Walmart (WMT) is acquiring connected-TV ad platform Vibe.co in what the retailer is calling its largest deal in two years, extending its push to compete directly with Amazon in the fast-growing retail-media advertising market.
The acquisition signals that Walmart is doubling down on high-margin advertising revenue as a structural growth driver, a strategy analysts say could meaningfully lift operating-income growth beyond what its core retail business alone can deliver.
Key Takeaways
- Walmart acquires Vibe.co, a connected-TV advertising technology platform.
- Deal marks Walmart’s largest acquisition in two years.
- Move accelerates Walmart’s retail-media rivalry with Amazon.
Market Reaction & Context
Walmart’s advertising arm, Walmart Connect, was already forecast to grow ad revenue by nearly 40% in 2024 – the fastest projected rate among all major U.S. ad sellers, according to Insider Intelligence data 1. That growth rate outpaced rivals including Amazon (AMZN), Target (TGT), and Instacart (CART), all of which are also racing to monetise shopper data through digital ad inventory.
Amazon, the third-largest digital ad seller globally behind Alphabet and Meta, reported 27% year-over-year growth in its advertising services segment in its most recent quarterly filing 1. Walmart’s Vibe.co acquisition is a direct attempt to close that capability gap on the living-room screen.
Why Connected TV, Why Now
Vibe.co enables brands to place and measure advertising through internet-connected televisions – a surface that commands premium ad rates and is increasingly central to how consumer-goods companies reach households. The deal follows Walmart’s $2.3 billion purchase of smart-TV maker Vizio in early 2024, which brought 18 million smart-TV accounts onto Walmart’s data platform 1.
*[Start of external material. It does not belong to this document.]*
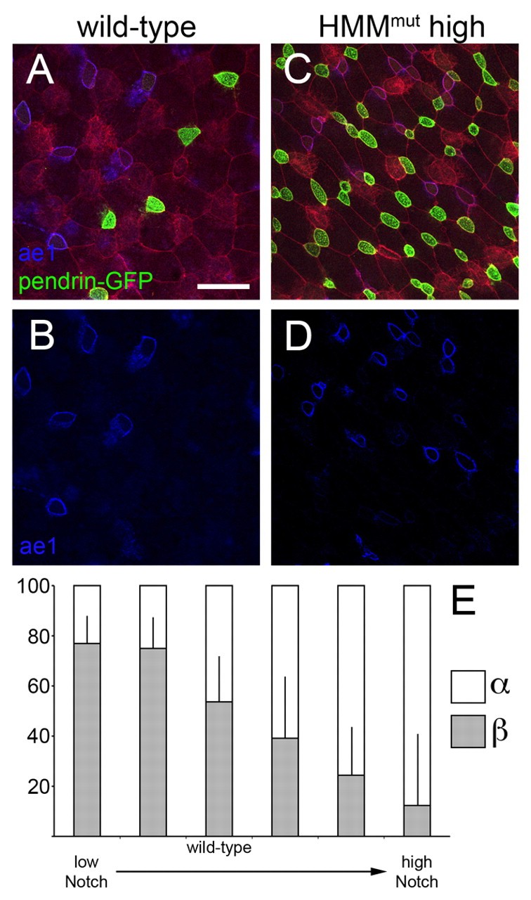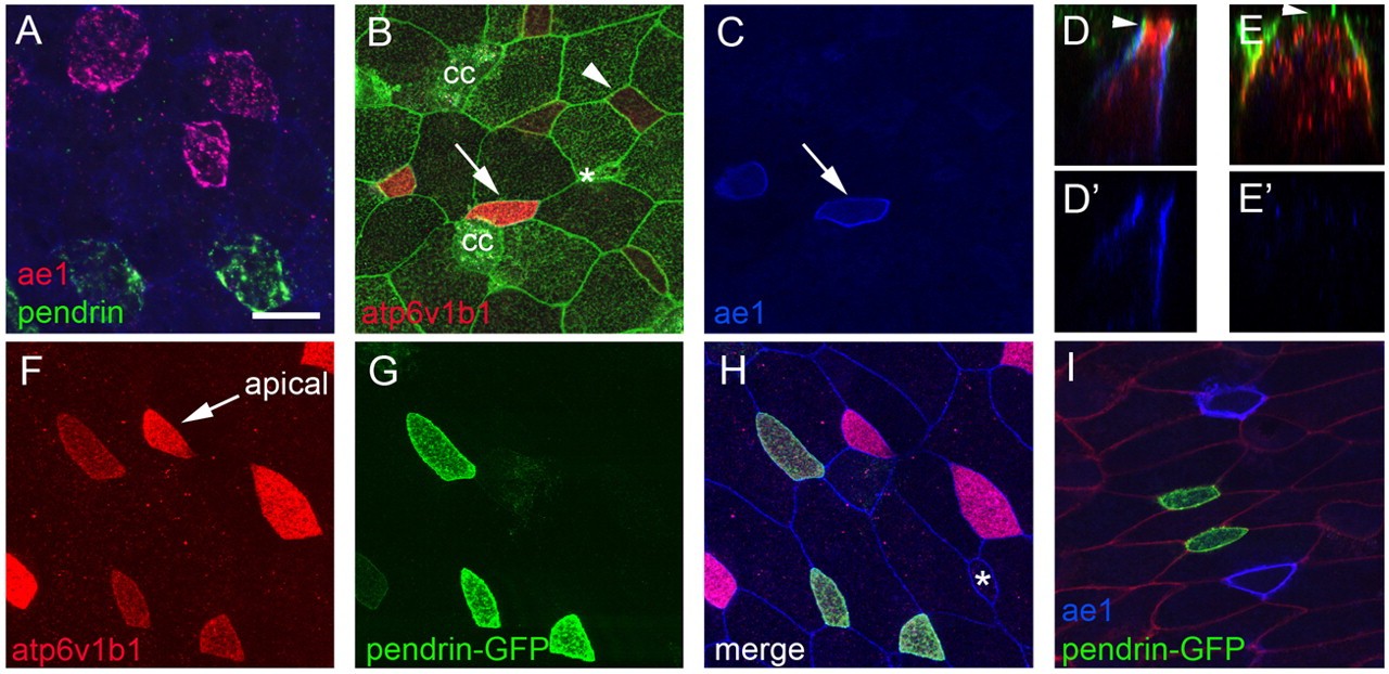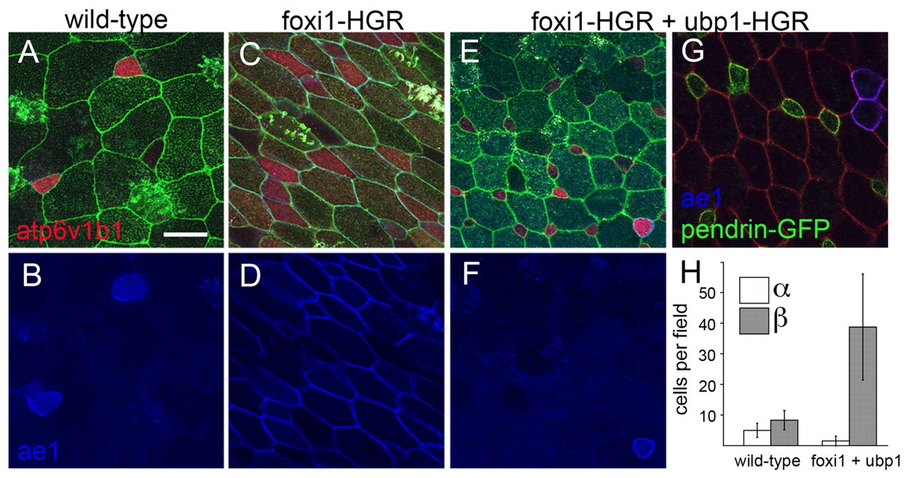 Specialized epithelial cells in the amphibian skin play important roles in ion transport, but how they arise developmentally is largely unknown. Here we show that proton-secreting cells (PSCs) differentiate in the X. laevis larval skin soon after gastrulation, based on the expression of a `kidney-specific' form of the H(+)v-ATPase that localizes to the plasma membrane, orthologs of the Cl(-)/HCO(-)(3) antiporters ae1 and pendrin, and two isoforms of carbonic anhydrase. Like PSCs in other species, we show that the expression of these genes is likely to be driven by an ortholog of foxi1, which is also sufficient to promote the formation of PSC precursors. Strikingly, the PSCs form in the skin as two distinct subtypes that resemble the alpha- and beta-intercalated cells of the kidney. The alpha-subtype expresses ae1 and localizes H(+)v-ATPases to the apical plasma membrane, whereas the beta-subtype expresses pendrin and localizes the H(+)v-ATPase cytosolically or basolaterally. These two subtypes are specified during early PSC differentiation by a binary switch that can be regulated by Notch signaling and by the expression of ubp1, a transcription factor of the grainyhead family. These results have implications for how PSCs are specified in vertebrates and become functionally heterogeneous.

Taken together, the Vizio hardware and the Vibe.co software give Walmart a vertically integrated stack: the screen, the operating system, and now a self-serve programmatic layer for ad buyers. That architecture mirrors the closed-loop model Amazon has used to attract brand advertisers who want to link ad exposure directly to purchase data.
The Retail-Media Arms Race
Walmart’s advertising build-out stretches back several years. In 2021 the company rebranded its ad-sales unit from Walmart Media Group to Walmart Connect and acquired automation technology from Thunder Industries to serve small-business advertisers with self-serve display tools 2. A partnership with The Trade Desk (TTD) also let brands use Walmart shopper data to buy targeted ads across the open web, not just on Walmart-owned properties.
“Digital advertising is the future of Walmart,” TD Cowen senior research analyst Oliver Chen said in comments on the company’s earlier Vizio deal 1. The Vibe.co acquisition extends that thesis into streaming video, where ad-supported viewing has surged since 2022.
Retailers have a structural advantage in this market that pure-play digital platforms lack: deterministic purchase data. As Google and Apple continue to restrict third-party cookies and device-level tracking, closed-loop attribution – knowing which ad drove which sale – becomes more valuable. “As any type of cross-platform tracking becomes more difficult, if you have some type of closed system, that closed-loop attribution becomes a big part of the attraction,” Nicole Perrin, principal analyst at eMarketer, said in an earlier analysis of retail-media dynamics 2.
Outlook
Walmart has not disclosed financial terms of the Vibe.co transaction. The deal is the latest in a sequence of moves – Thunder Industries, Trade Desk partnership, Vizio, and now Vibe.co – that collectively reposition Walmart as a media and data company sitting alongside its traditional retail operations.
For investors, the key metric to watch is the advertising revenue line within Walmart Connect, which the company does not yet break out as a standalone segment. If Walmart follows Amazon’s disclosure trajectory, a formal advertising revenue segment could eventually emerge as one of the highest-margin items on the income statement, providing a re-rating catalyst for WMT shares.
Not investment advice. For informational purposes only.
References
1Hamza Shaban (Feb 23, 2024). “Walmart’s latest fight with Amazon is digital advertising”. Yahoo Finance. Retrieved June 23, 2026.
2Sahil Patel and Alexandra Bruell (Feb 4, 2021). “Walmart Buys Ad Tech to Chase Small-Business Advertisers”. The Wall Street Journal. Retrieved June 23, 2026.